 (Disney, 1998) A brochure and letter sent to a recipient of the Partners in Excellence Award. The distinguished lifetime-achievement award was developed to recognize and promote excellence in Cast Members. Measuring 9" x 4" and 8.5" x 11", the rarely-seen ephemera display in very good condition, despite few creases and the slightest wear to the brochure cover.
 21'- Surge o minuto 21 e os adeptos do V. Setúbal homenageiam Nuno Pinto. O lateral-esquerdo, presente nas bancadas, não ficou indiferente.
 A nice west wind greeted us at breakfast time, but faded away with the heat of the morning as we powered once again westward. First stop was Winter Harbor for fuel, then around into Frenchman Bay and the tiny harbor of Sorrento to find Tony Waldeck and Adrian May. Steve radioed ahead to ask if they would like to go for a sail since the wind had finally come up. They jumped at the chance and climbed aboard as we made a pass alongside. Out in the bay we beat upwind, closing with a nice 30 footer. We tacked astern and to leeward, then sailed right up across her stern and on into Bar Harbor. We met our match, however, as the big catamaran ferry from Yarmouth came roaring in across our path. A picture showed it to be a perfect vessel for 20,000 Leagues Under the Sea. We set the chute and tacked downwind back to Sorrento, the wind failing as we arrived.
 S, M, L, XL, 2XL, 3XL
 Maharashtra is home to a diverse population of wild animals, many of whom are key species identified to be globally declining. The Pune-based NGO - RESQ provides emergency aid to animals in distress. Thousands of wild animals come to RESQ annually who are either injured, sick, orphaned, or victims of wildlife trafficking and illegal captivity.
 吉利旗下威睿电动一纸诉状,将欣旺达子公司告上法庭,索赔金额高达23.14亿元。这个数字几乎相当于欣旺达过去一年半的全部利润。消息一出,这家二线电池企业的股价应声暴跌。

· · · · ·

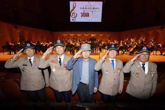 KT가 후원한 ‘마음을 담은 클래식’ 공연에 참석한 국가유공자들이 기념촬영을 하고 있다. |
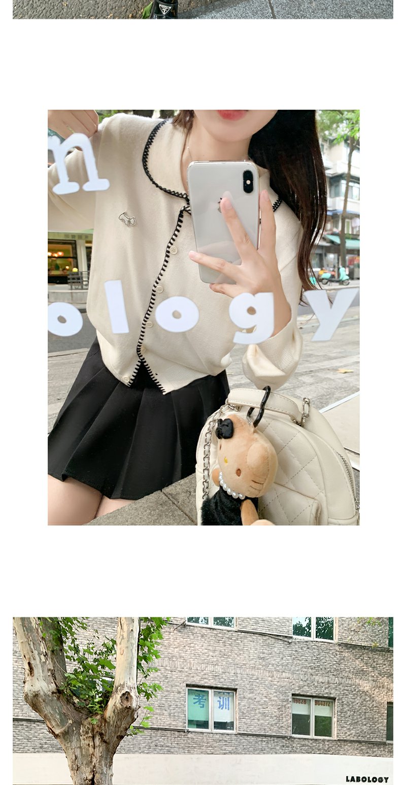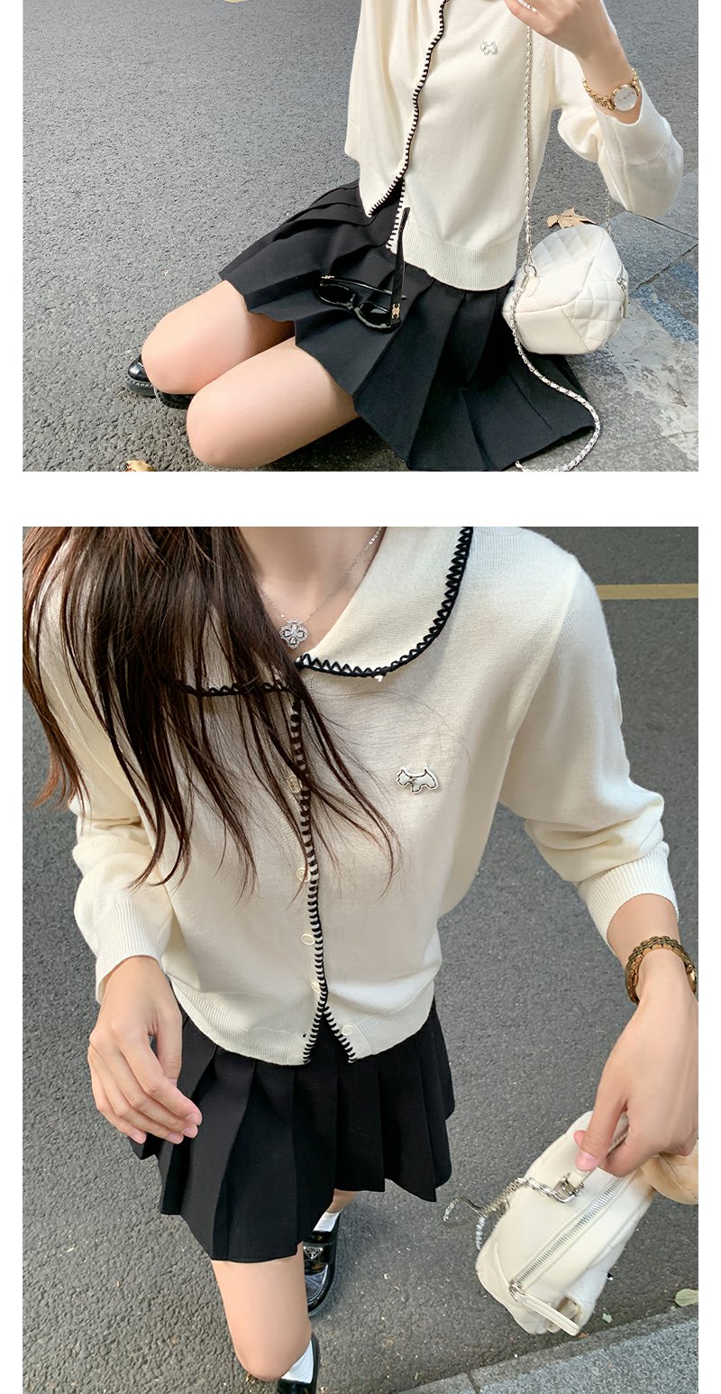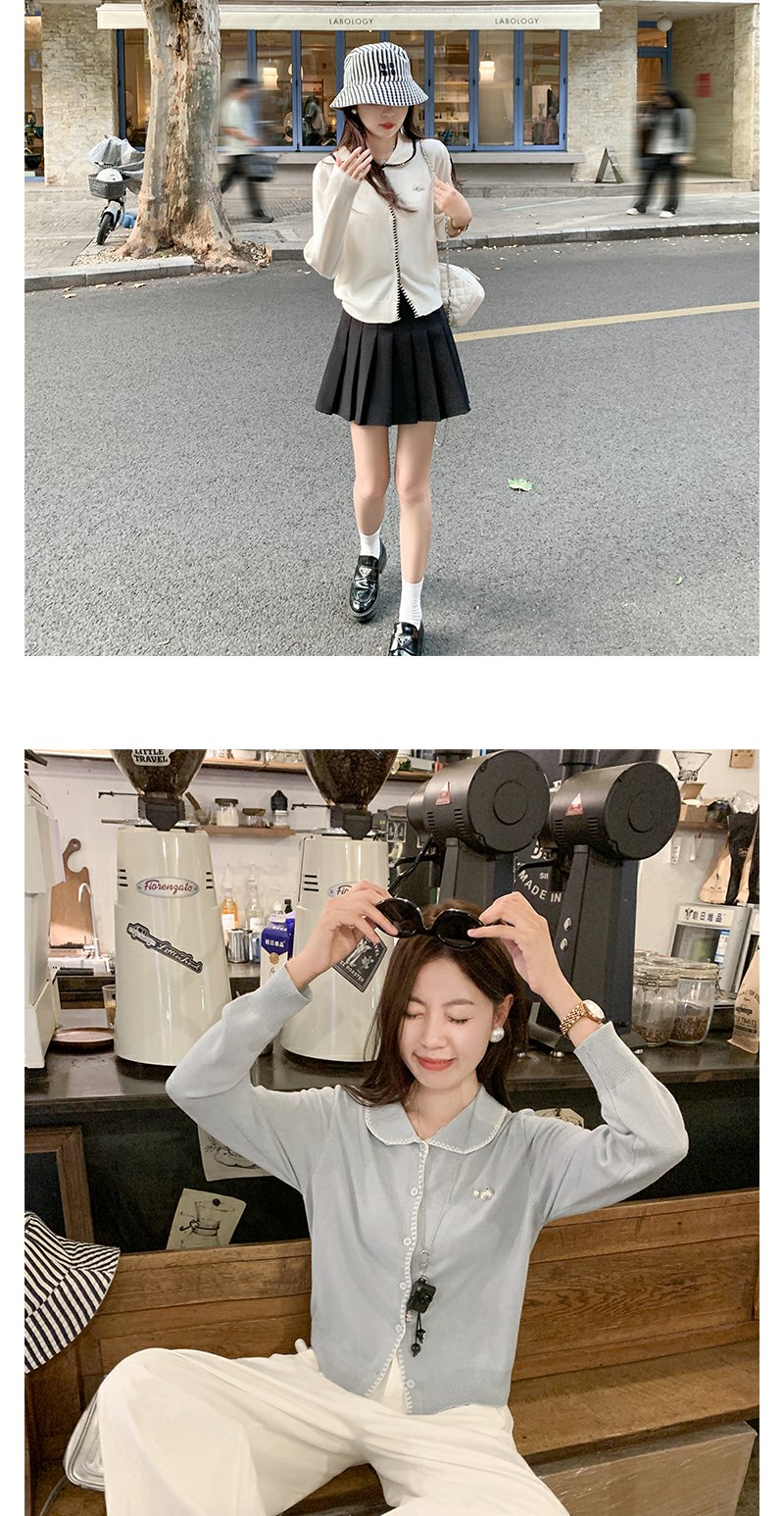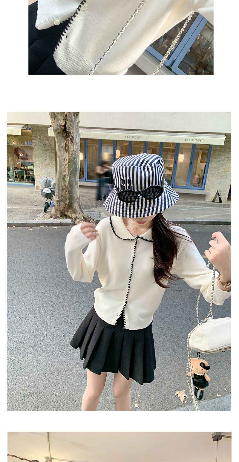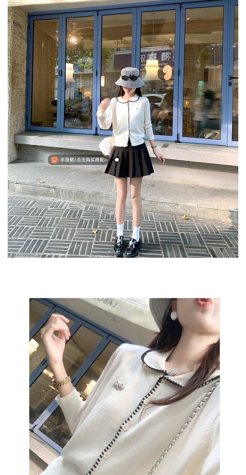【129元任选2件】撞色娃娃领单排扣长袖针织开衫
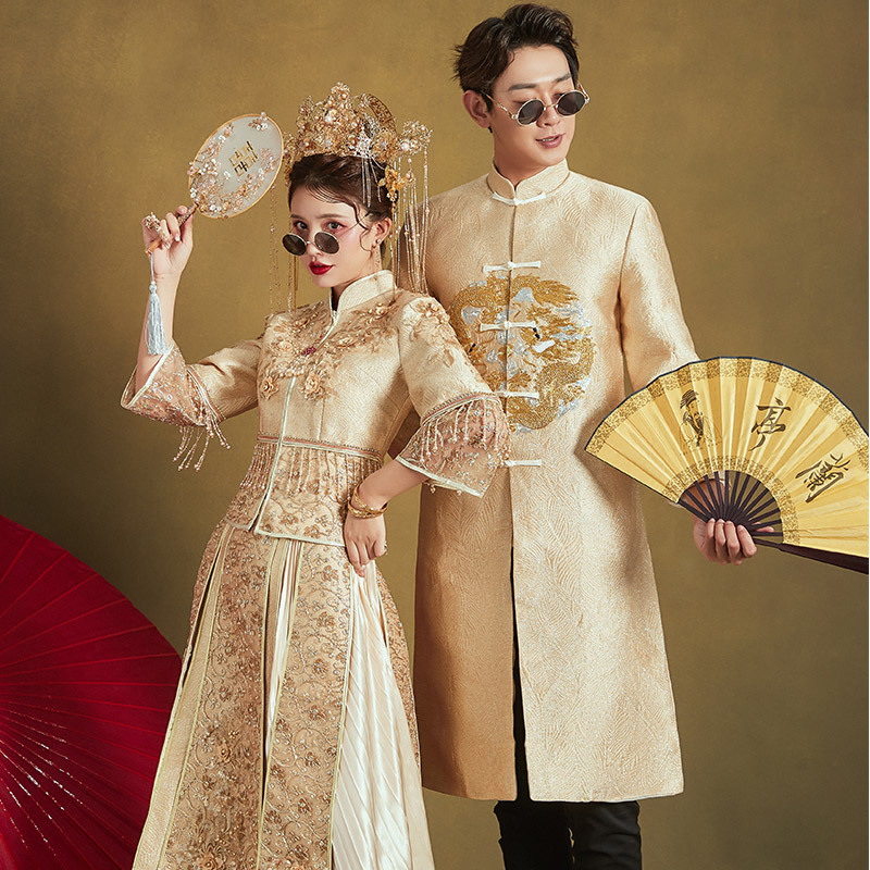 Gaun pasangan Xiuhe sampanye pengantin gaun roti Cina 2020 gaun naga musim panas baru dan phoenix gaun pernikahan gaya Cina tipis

· · · · ·

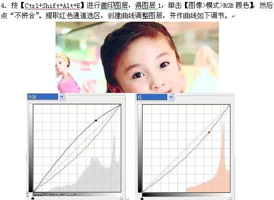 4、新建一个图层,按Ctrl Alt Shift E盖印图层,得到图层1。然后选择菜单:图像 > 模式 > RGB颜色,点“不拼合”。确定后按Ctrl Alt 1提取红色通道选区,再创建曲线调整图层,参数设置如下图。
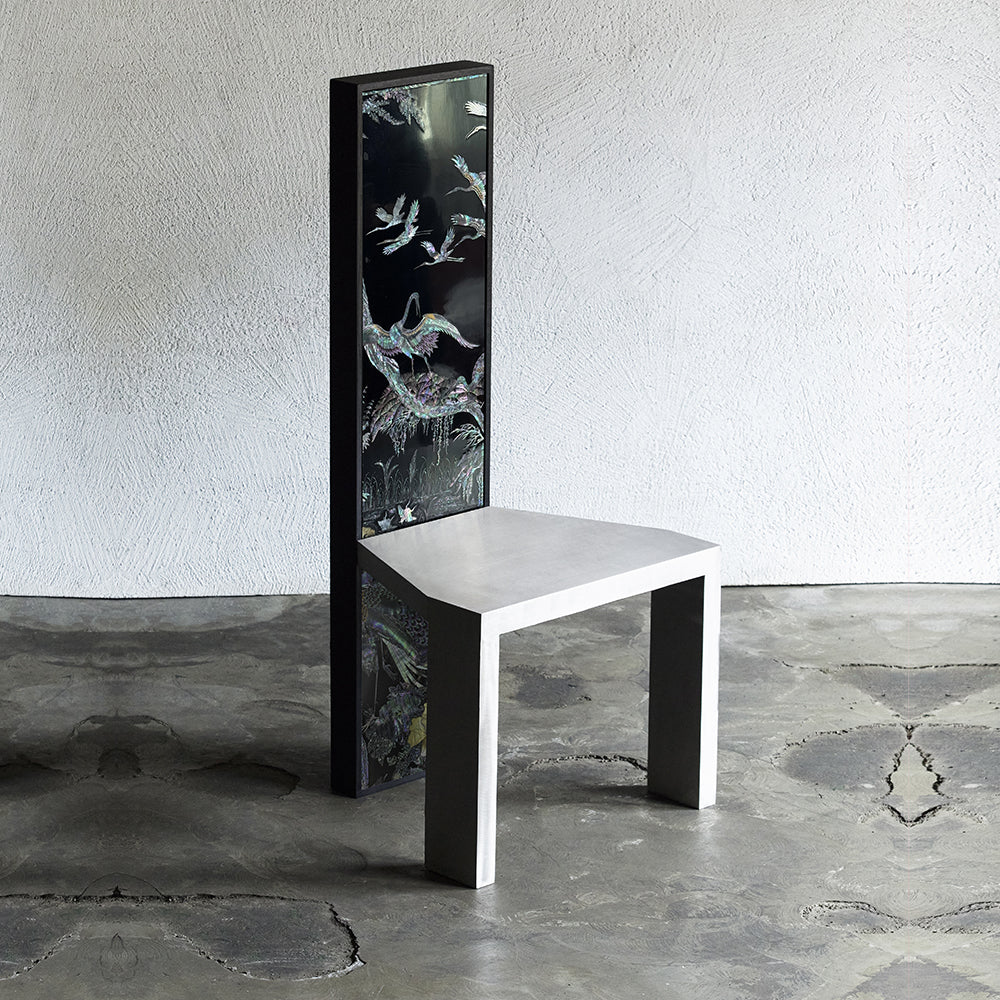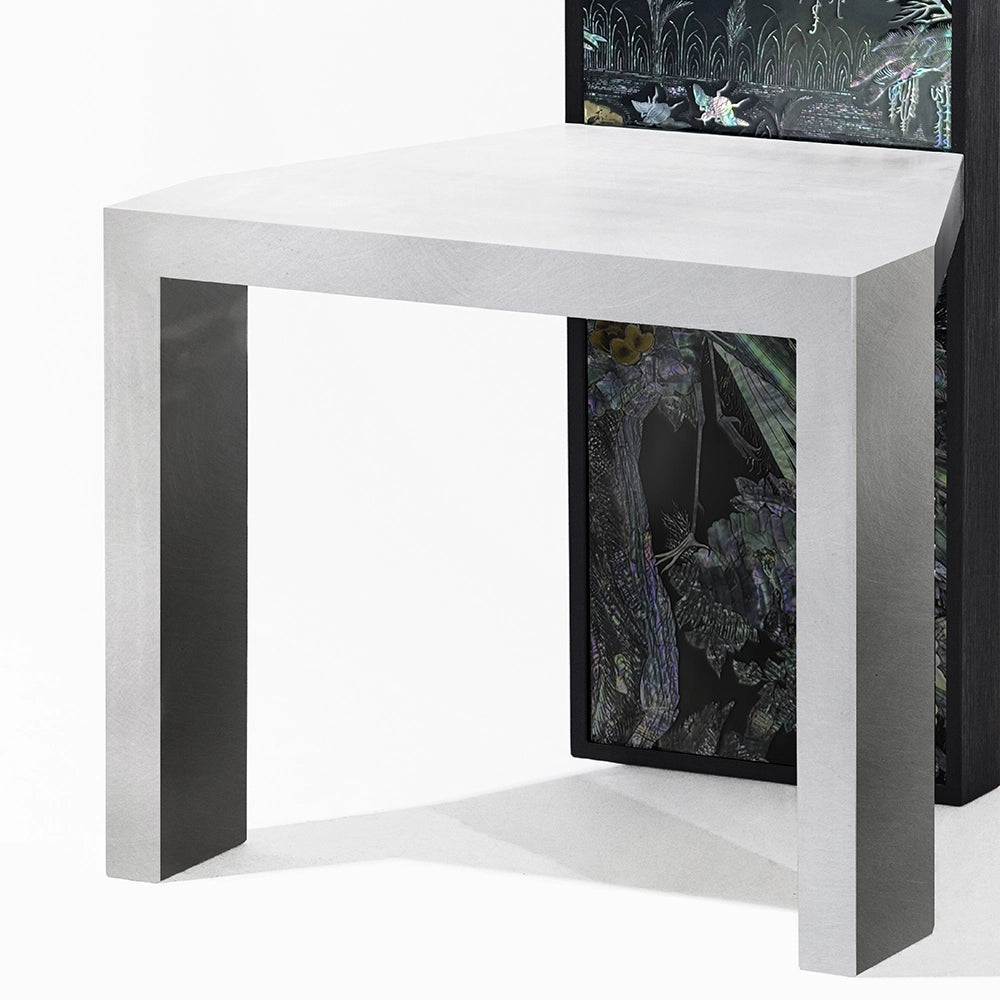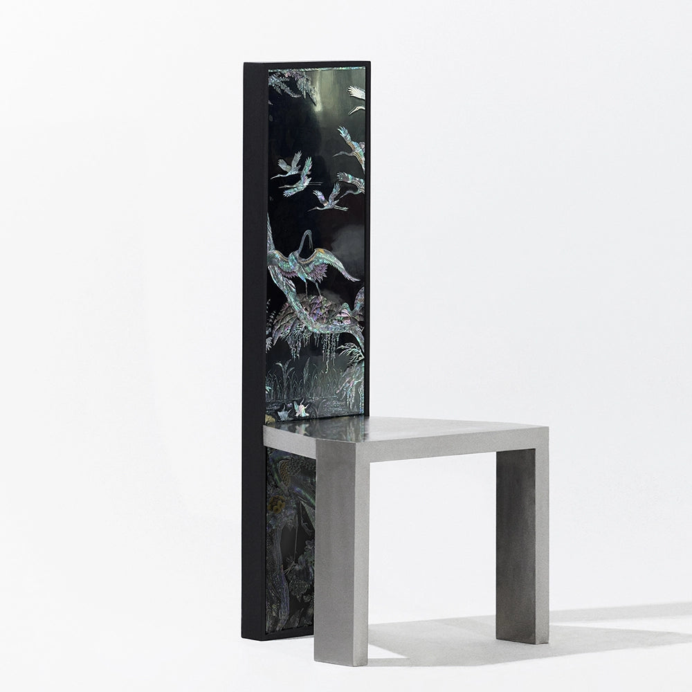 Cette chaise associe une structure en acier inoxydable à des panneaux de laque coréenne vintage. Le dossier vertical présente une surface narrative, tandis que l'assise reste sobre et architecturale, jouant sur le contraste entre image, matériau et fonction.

· · · · ·

--- Directions for this task ---
Reproduce, word for word and in full, only the lines above that start at the line with "S, M, L, XL, 2XL, 3XL" and run through the line with "吉利旗下威睿电动一纸诉状,将", both ends included.

--- Problem solution ---
 S, M, L, XL, 2XL, 3XL
 Maharashtra is home to a diverse population of wild animals, many of whom are key species identified to be globally declining. The Pune-based NGO - RESQ provides emergency aid to animals in distress. Thousands of wild animals come to RESQ annually who are either injured, sick, orphaned, or victims of wildlife trafficking and illegal captivity.
 吉利旗下威睿电动一纸诉状,将欣旺达子公司告上法庭,索赔金额高达23.14亿元。这个数字几乎相当于欣旺达过去一年半的全部利润。消息一出,这家二线电池企业的股价应声暴跌。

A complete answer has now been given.